This document specifies a method for the determination of the estrogenic potential of water and waste water by means of a reporter gene assay with a genetically modified yeast strain Arxula adeninivorans. This reporter gene assay is based on the activation of the human estrogen receptor alpha.
Arxula adeninivorans is a highly robust and salt- and temperature-tolerant test organism and is especially suitable for the analysis of samples with high salinity (conductivity up to 70 mS/cm). The test organism can be cultivated in medium with sodium chloride content up to 20 %.
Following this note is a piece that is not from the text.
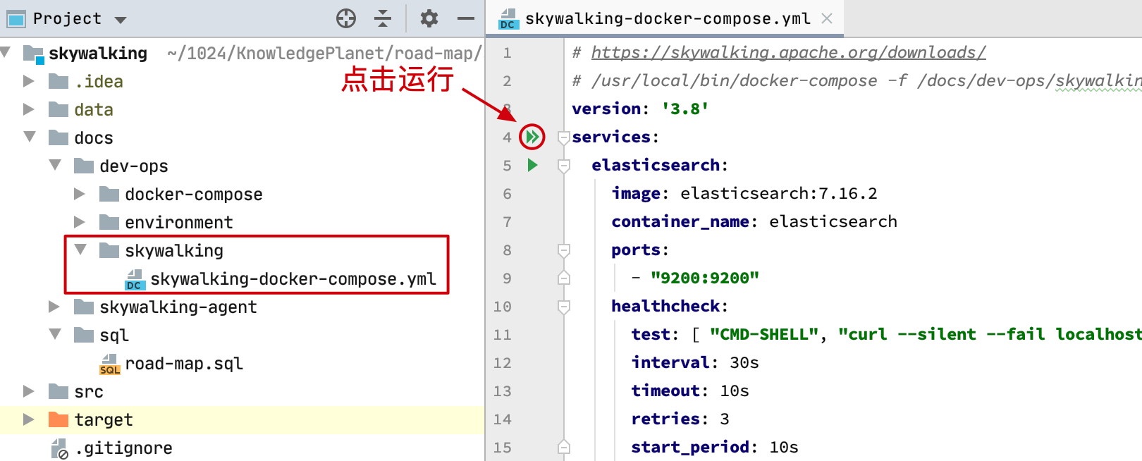 -v /docs/skywalking-agent/:/docs/skywalking-agent/ \是你的映射地址,只有这样才能拿到 skywalking-agent - 另外记得按照 MySQL【environment-docker-compose.yml】 到云服务以及执行 road-map.sql 文件。

This method is applicable to:
— fresh water;
— waste water;
— sea water;
— brackish water;
— aqueous extracts and leachates;
— eluates of sediments (fresh water);
— pore water;
— aqueous solutions of single substances or of chemical mixtures;
— drinking water.
The limit of quantification (LOQ) of this method for the direct analysis of water samples is between 1,5 ng/l and 3 ng/l 17β-estradiol equivalents (EEQ). The upper threshold of the dynamic range for this test is between 25 ng/l and 40 ng/l 17β-estradiol equivalents (EEQ). Samples showing estrogenic potencies above this threshold have to be diluted for a valid quantification. Extraction and pre-concentration of water samples can prove necessary, if their estrogenic potential is below the given LOQ.
An international interlaboratory trial for the validation of this document has been carried out. The results are summarized in Annex F.
NOTE Extraction and pre-concentration of water samples can prove necessary.